As a method of diagnosis neonatal screening is relatively expensive. At £5,387 per diagnosed infant, our estimate of the cost of diagnosis is similar to a previous (1997) estimate of £6,400 . Compared to no screening, neonatal screening for cystic fibrosis (under base case assumptions) produces an incremental cost-effectiveness of £6,864 per QALY gained.
There are a number of key assumptions and potential limitations to this study. Firstly, in relation to the model structure, we have simplified the representation of cystic fibrosis. However our representation of the disease – as three health states within a Markov model – makes best use of available knowledge. Also, we have assumed that the effect of early diagnosis is a delay in the emergence of respiratory symptoms after prophylactic treatment (but, with the subsequent treatment cost and quality of life in those states being the same for screened and unscreened infants). This choice was made in the absence of evidence to suggest other ways of modelling the effect of early diagnosis. Unfortunately, while recent trials or observational studies have shown that early (neonatal) diagnosis and treatment results in improvements in nutritional status, height and weight, and cognitive functioning, evidence about the long-term impact of early diagnosis on lung function (and therefore mortality) remains uncertain [24–28].

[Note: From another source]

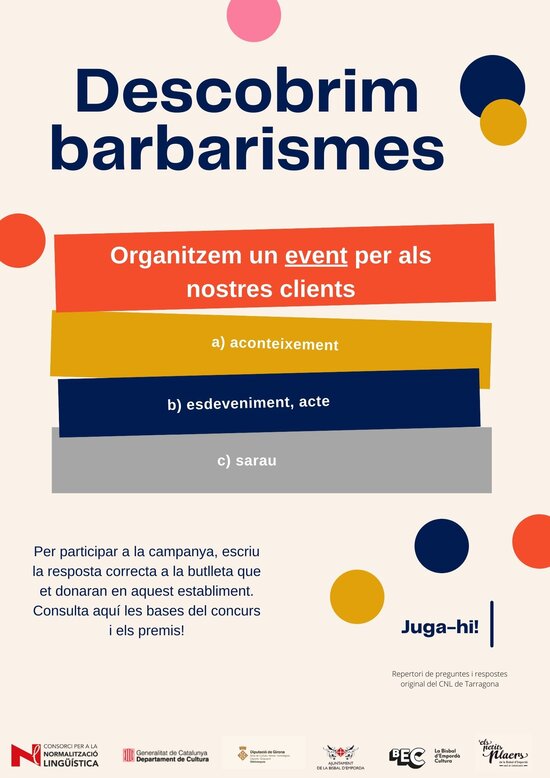 «Descobrim barbarismes» és una campanya que es farà a la Bisbal entre dia 1 de març i el 19 d'abril, que convida la gent a descobrir un error amagat en una frase i a buscar-ne la solució correcta. Es repartiran cartells pels diferents establiments comercials de la Bisbal que formen part de l'associació de comerciants Els Petits Plaers i, acabat el termini, se sortejaran tres premis entre les persones que hi hagin participat, gentilesa de la mateixa associació.

The model assumes that cystic fibrosis in infants is a relatively homogeneous condition. However, the spectrum of cases ranges from neonates that are severely affected, to cases who live a normal life undiagnosed until adulthood. It is possible that the more severe but asymptomatic cases would benefit most from early diagnosis. Those with milder forms of the disease would be diagnosed later under the no-screening strategy and would have their age at diagnosis advanced most under screening. The data in existing population-based data sets are insufficient to investigate this issue (PL – author), so this point has been ignored.

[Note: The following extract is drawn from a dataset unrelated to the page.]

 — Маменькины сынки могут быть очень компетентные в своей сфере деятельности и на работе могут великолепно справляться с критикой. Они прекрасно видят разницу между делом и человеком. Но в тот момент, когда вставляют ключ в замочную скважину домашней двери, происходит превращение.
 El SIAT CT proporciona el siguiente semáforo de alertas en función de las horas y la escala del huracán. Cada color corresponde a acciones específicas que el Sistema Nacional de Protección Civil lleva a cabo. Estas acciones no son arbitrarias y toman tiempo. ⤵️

Our survival estimates are based on the most recent and reliable age-specific survival data. As yet there is a limited understanding of the interactions of cystic fibrosis with the normal ageing process. Recent clinical experience indicates that potentially life-shortening complications such as diabetes mellitis and liver disease may become more frequent with advancing age, so projections based on experience of younger people may be inaccurate [2, 29]. Although it is possible that recent improvements in survival may be confounded by the introduction of neonatal screening in some areas in the 1970s and 1980s, regional variations in mortality do not show this (PL – author). Further, using Quality of Well-Being (QWB) scores as a basis for weighting the quality of extra years survived may not provide a true indicator of relative preferences for being in these different health states. However, it remains the only health-related quality of life instrument that has been used widely in people with cystic fibrosis .

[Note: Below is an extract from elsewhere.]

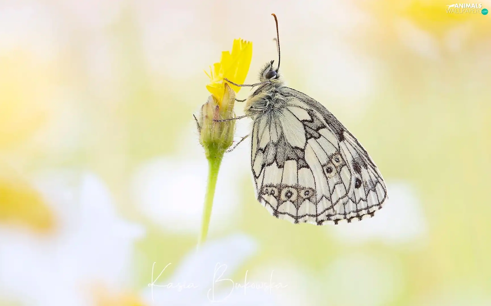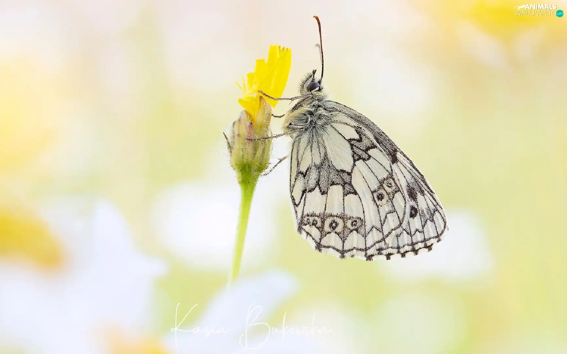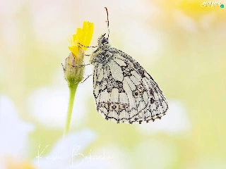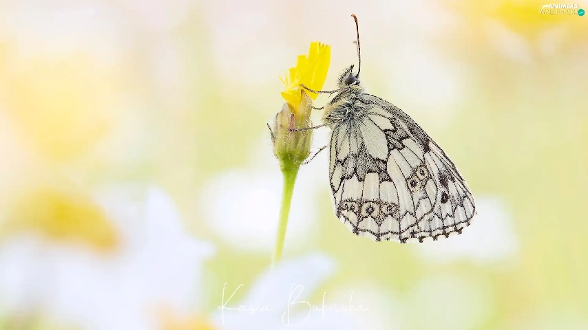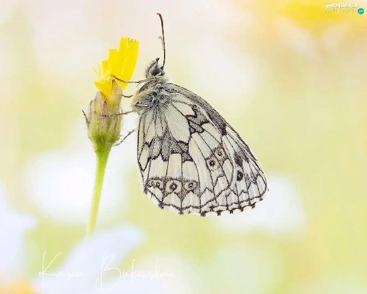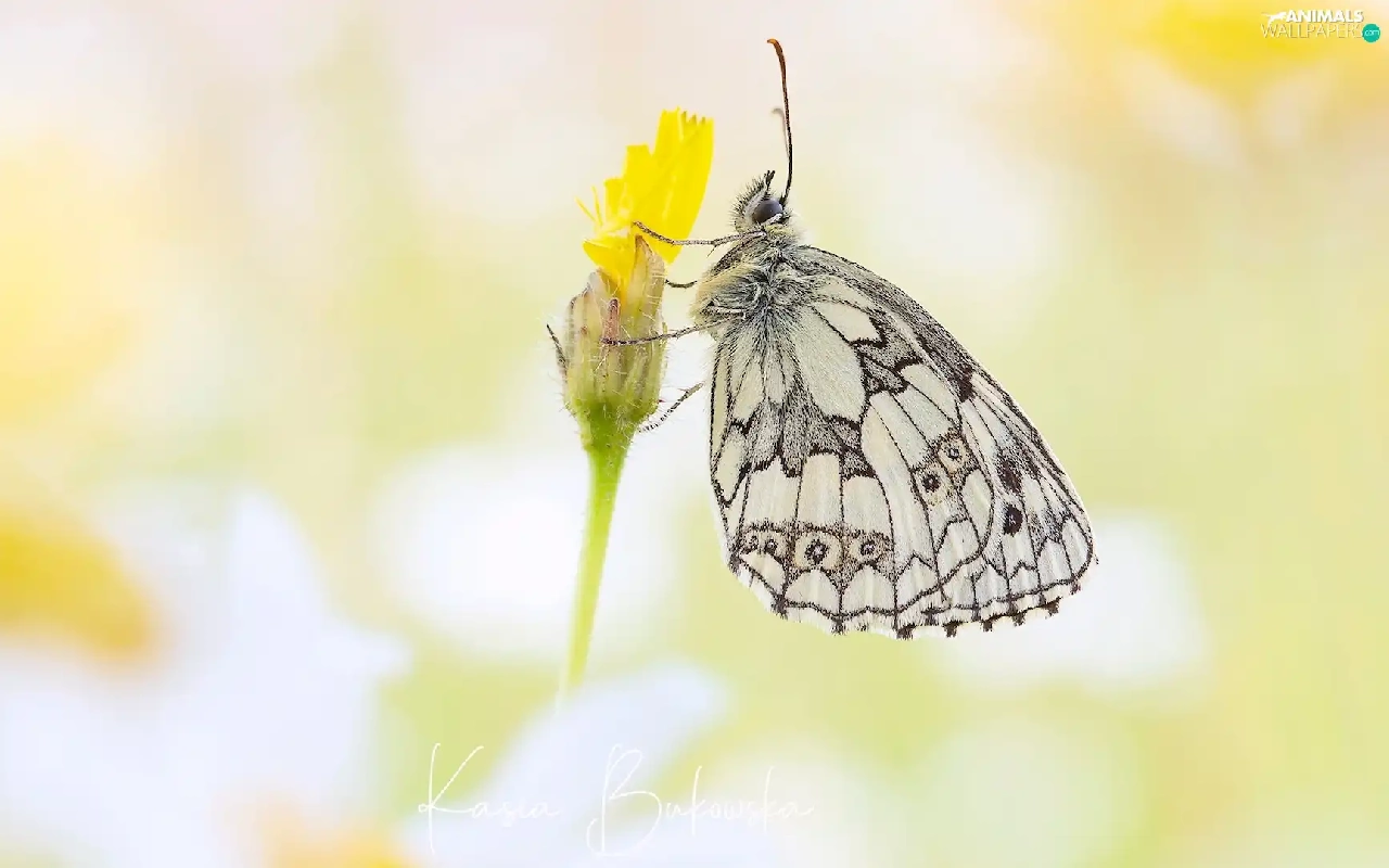 butterfly, Flower, Yellow, marbled chessboard

Overall, as far as presently available data allow, the model structure and data inputs would satisfy most of the criteria that are recommended in current guidelines for good practice in decision analytic modelling . External validation of the model is more problematic since valid data about either the long-term health effects of screening or the future survival of people with cystic fibrosis does not yet exist. Due to the absence of published data on the distributions underlying the means of most parameters our sensitivity analysis is restricted to one-way and two-way sensitivity analysis. Future modelling of these policy choices should attempt to use data that allow more probabilistic sensitivity analysis to be conducted, but with the proviso that model structure (or methodological) uncertainty can only be explored using traditional 'non-probabilistic' methods.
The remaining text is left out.